Thomas Boswell on Baseball Free Agent Economics

By Thomas Boswell
Wednesday, January 14, 2009

Manny Ramírez, and his agent Scott Boras, would love $100 million to play baseball the next four years, thanks very much. The laughter you hear is the rest of the sport cackling, "Wake up and smell the money burning."

Manny, how would you like one-third that much and only for a couple of seasons? Take it or leave it. Like it or lump it. Maybe you should've taken that two-year, $45 million deal before the Dodgers sniffed the wind and withdrew it.

The era when players could say, "Monday, red shirt, red Porsche, Tuesday, yellow shirt, yellow Lamborghini," may be ending. Finally. Who says an economic meltdown isn't good for something.

As the rest of America loses jobs and frets over its "201(k)s," the insulated world of rich ballplayers and their enablers is finally having its foundations shaken. Oh, they're still rich. And the best available ones, like Derek Lowe, who agreed to a $15 million-a-year deal for four seasons with the Atlanta Braves yesterday, still get big packages.

But except for players coveted by the Yanks, or aces like Lowe, baseball economics may be changing. The next few weeks will provide a mountain of data. And the Nationals will be near the center of the action.

Through multiple leaks, the Nats have said that they've lost interest in free agents Adam Dunn, Orlando Hudson and Randy Wolf -- at their current salary demands. Believe the second half of that -- the salary part.

The Nats may, indeed, have looked at recent contracts -- like Pat Burrell, Milton Bradley (third in baseball in OPS) and Raúl Ibáñez (110 RBI) signing for $8 million to $10.5 million a year -- and lost interest in paying someone like Dunn the same $13 million he got last year in Cincinnati and Arizona. Or giving the oft-injured Wolf the kind of $9-million-a-year deal he once got in Philly.

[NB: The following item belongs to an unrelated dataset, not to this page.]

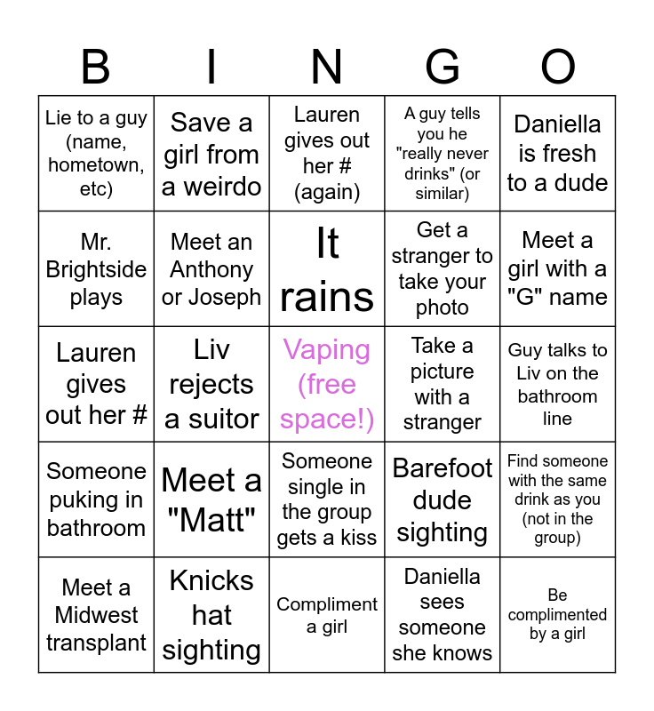 This bingo card has a free space and 24 words: Meet a "Matt", Knicks hat sighting, It rains, Meet a Midwest transplant, Daniella is fresh to a dude, Lie to a guy (name, hometown, etc), Mr. Brightside plays, Save a girl from a weirdo, Take a picture with a stranger, Someone single in the group gets a kiss, Get a stranger to take your photo, Lauren gives out her #, Barefoot dude sighting, Find someone with the same drink as you (not in the group), Meet an Anthony or Joseph, Daniella sees someone she knows, Guy talks to Liv on the bathroom line, Lauren gives out her # (again), Meet a girl with a "G" name, Liv rejects a suitor, Be complimented by a girl, Someone puking in bathroom, A guy tells you he "really never drinks" (or similar) and Compliment a girl.
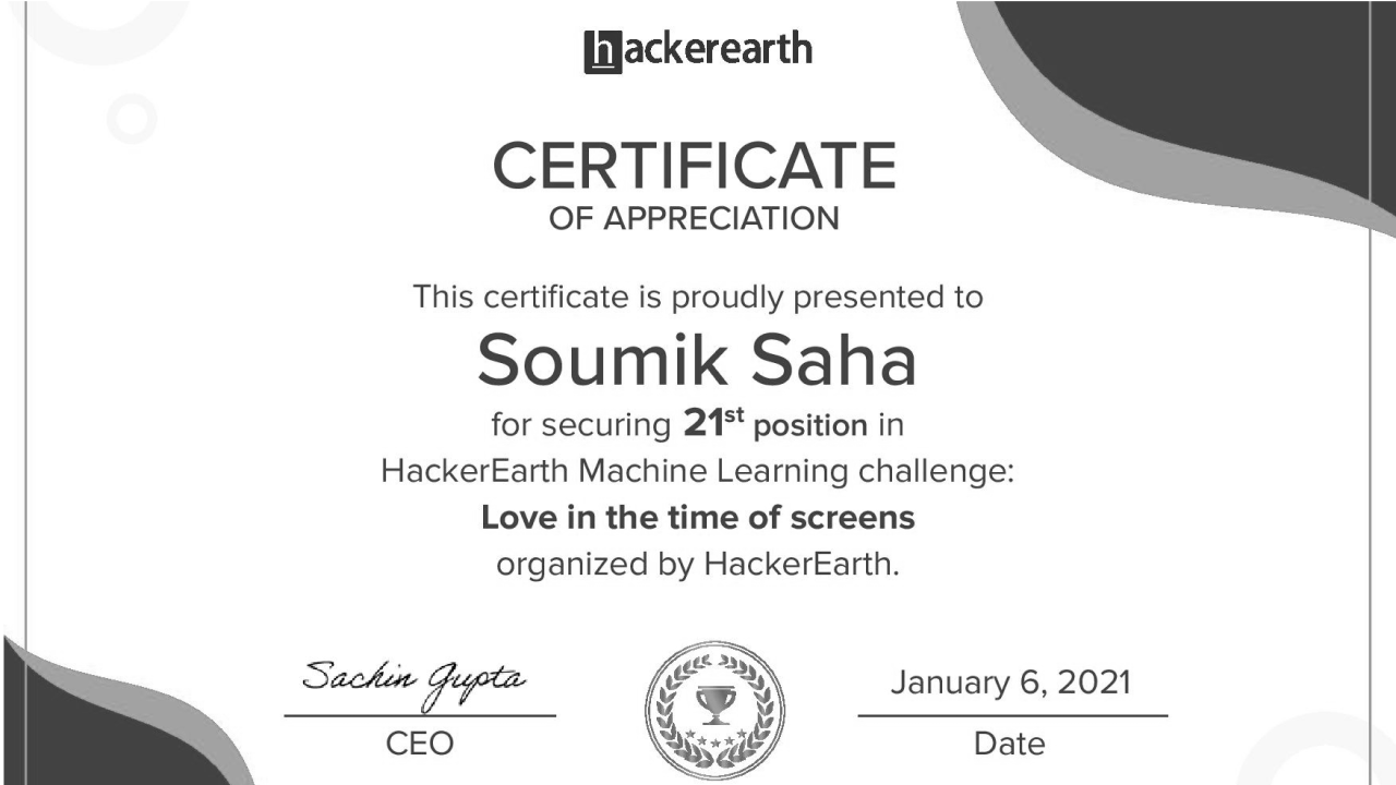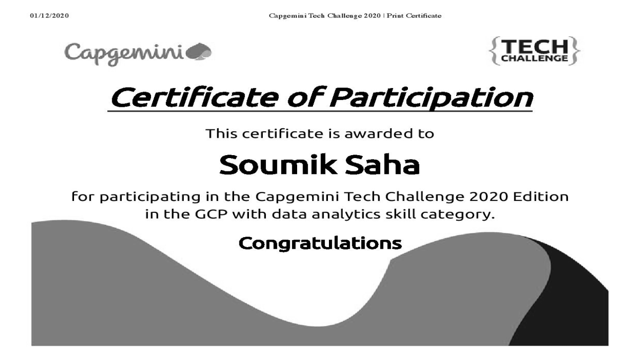 Cleared GCP with Data Analytics 1st round competition organised by Capgemini out of more than 50K+ participants organised by Capgemini.

But everybody in baseball assumes the Nats are more interested in these players than ever -- at the right price -- because the market, especially for a glut of free agent hitters, has come racing back to them.

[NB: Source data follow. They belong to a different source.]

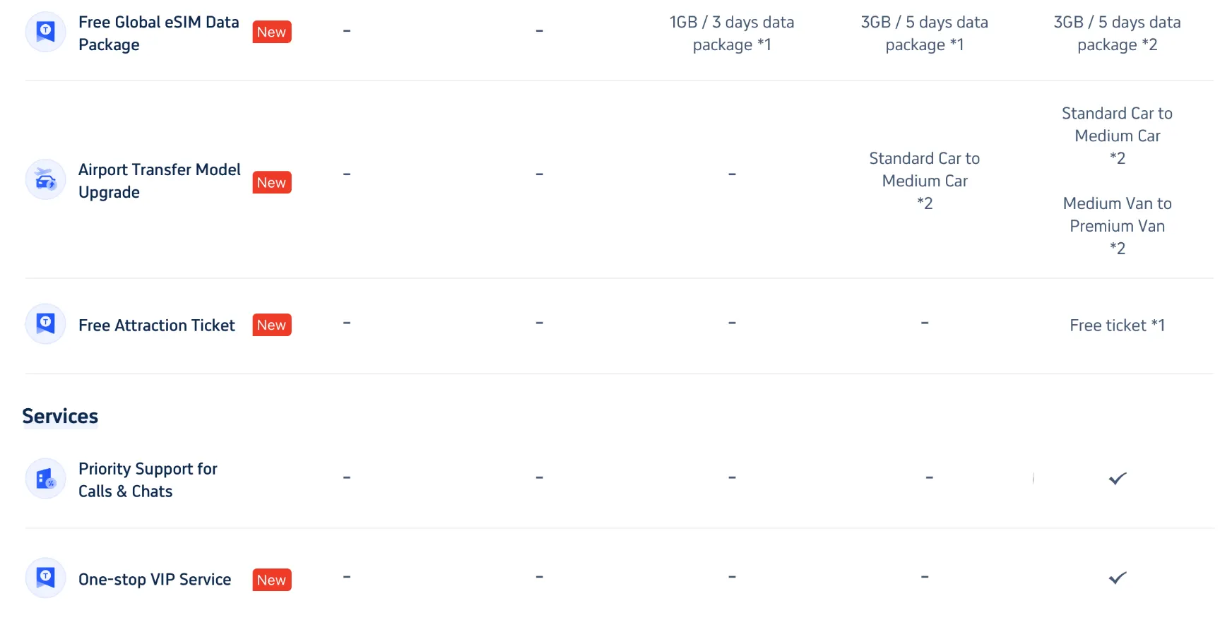 | Peningkatan model pemindahan lapangan terbang* BARU | - | - | - | Kereta standard ke kereta Sederhana*2 | Kereta standard ke kereta Sederhana*2+ Van Sederhana ke Van Premium*2 |
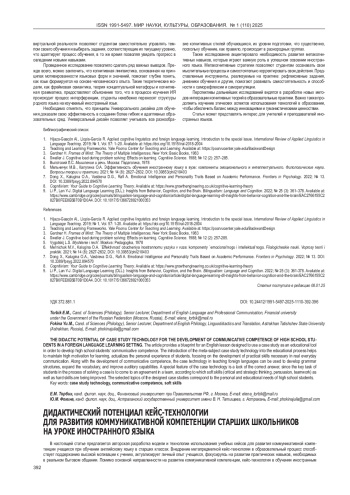 12. Игумнова О.В. Case study в системе обучения профессионально ориентированному иностранному языку в высшей школе. Вестник Самарского государственного технического университета. Серия: Психолого-педагогические науки. 2020; Т. 17, № 2: 98-110. DOl:. DOI: 10.17673/vsgtu-pps.2020.2.8 EDN: WQLBZA
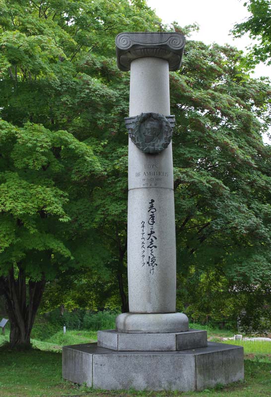 説明板より転載 「宿舎の役目を持つ本陣は、明治5年に竣工し建築面積800㎡の木造平屋建ての当時としては最大の建物であった。8年からは主にお雇い外国人用として使われ土木工学技師ホイラーなども居住していたが12年に焼失した。クラーク博士は終始この本陣に居住し、ここから農学校の開校式に臨み又、建築間もない札幌の様々な施設などを視察している。明治10年4月16日、クラーク博士は本陣前で馬上の人となり札幌に別れを告げ帰国した。」◇所在地:札幌市中央区南2条東1丁目 創成川河畔 住友生命札幌中央ビル前
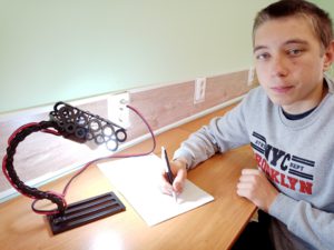 1 место — Ливенцов Никита Сергеевич, обучающийся группы № 1 «Тракторист-машинист с\х производства» ГБПОУ РО ПУ № 100. Куратор: Тиняев Анатолий Иванович. Настольная лампа «Светящиеся шайбы», используемые материалы:шайбы, цепи, профильный квадрат
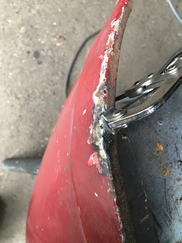Une couche d'antigravillons avait été passée, et comme de bien entendu, la rouille a fait son travail en arrière-plan : Plusieurs fentes sont bien sûr à réparer : Une petite tôle de renfort, serrée avec deux pinces Une plaque en cuivre pincée en dessous permet de réduire les échauffements, donc les trous.. Une fois la soudure réalisée : En bas de l'aile, autre fente, donc autre tôle et nouvelle soudure : Voilà, il n'y a plus qu'à poncer on avance !
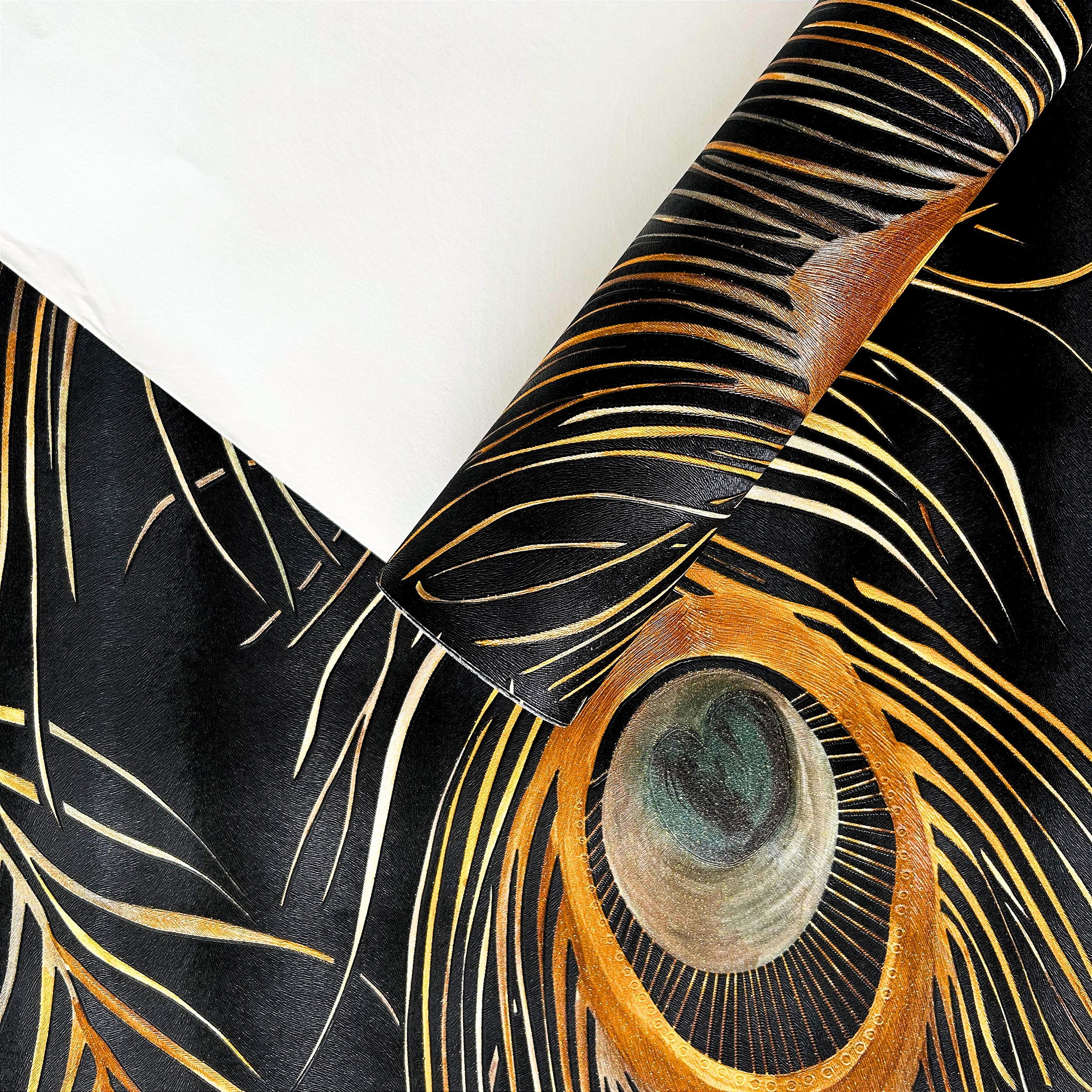 Papel de parede sofisticado com estampa de penas de pavão, combinando tons escuros com detalhes em dourado e toques de verde e azul. Um modelo elegante que traz profundidade, brilho e personalidade ao ambiente, ideal para quem busca um visual moderno e marcante sem abrir mão do requinte.

"Good to hear you've given up on signing free agents," a Nats executive was told. "It's about time you got serious." He's probably stopped laughing by now.

As much as the Nats would love to have gotten Mark Teixeira at a price near the Yanks' winning bid of $180 million, they now still have dry powder. Will they use it?

That's the question throughout baseball now; the game's financial reality has changed in the last two weeks.

In December, the Yankees distorted every perception. Because they have a new park this season and because $83 million in contracts just came off their books and, of course, because they are the Yankees, they spent $453 million to sign Teixeira, CC Sabathia and A.J. Burnett.